Does anyone know which Boca bearing replacement did you use to replace the spool bearings onthe Academy H2O xpress mettle low profile bait caster? Is it the same process to replace them as like on a curado and is it worth doing? The guy at Academy was as helpful as tits on a boar hog in trying to figure out what the bearing numbers were. Thanks in advance.


----------



## patwilson (Jan 13, 2006)

I thought they had a "Lifetime Warranty".........?

But the easy way is measure OD, ID, and width of the bearing with a mic.

http://www.bocabearings.com/dropin.aspx?f=shimano-fishing-reel-bearing-cross-reference.txt


----------



## jdupton (Jul 14, 2007)

Ok Pat thanks for the suggestion.

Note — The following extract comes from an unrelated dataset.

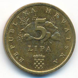 KM#5 Хорватия, 5 лип Латунь-Сталь, 17.99 мм, 2.54 г Категории: Растения. Примечание: монеты с датой "1993" без точки после даты. Информация о выпуске (подробности в каталоге):

I can try and get my hands on a mic somewhere maybe, just didnt know if anyone had already done it and maybe knew the ones they ordered?


----------



## puma409 (Dec 8, 2011)

Should be 5x11x4


----------



## jdupton (Jul 14, 2007)

Thanks puma


----------



## Scottyboy (Mar 9, 2010)

I took an H20 apart to clean and see how there made. Real similar to shimano with the spool shaft bearing. Need a pair of needle nose to pull the pin out to get the bearing. Didn't think to check if the bearings were the same size.

I'll be interested to see if any one has changed out the bearing on a H2O, great reels.


----------



## TopWaterPlugger (Dec 14, 2004)

I recently replaced an H2O spool bearing with a shimano spool bearing, it fit just right. Reel works fine now. Give it a try it should work fine.


----------



## DGAustin (Jun 5, 2005)

If it is the same as the two shimano spool bearings, the size would be 3X10X4. PM me your address and I will send you an old shimano bearing of that size to see if it fits. You can order from Boca. Not sure if yours has a bearing on the spool shaft behind the pin, but if it does that one would be a different size than the 3X10X4.


----------



## LPTXGUY03 (Jun 8, 2011)

Hpreelbearings on eBay has a h20 kit. 3 abec 7 bearings and carbontex drag washers for $30 send him a message and he'll post it up for buy it now.


----------



## basspro99 (Oct 6, 2011)

Doesnt anyone know what size the big bearing is that sits on top of the roller clutch bearing by chance?


----------



## Ragecajun (Oct 31, 2011)

*Hey Guys*

Last time I checked, If you walk into an Academy store with a problem reel, they select one from the shelve and send you out the door with a new one.

Can someone advise if this policy has changed?


----------



## jamesvaughan (Apr 29, 2012)

H2o Express Lifetime warrantee Walk into Academy they 'll send you out with a free new one.


----------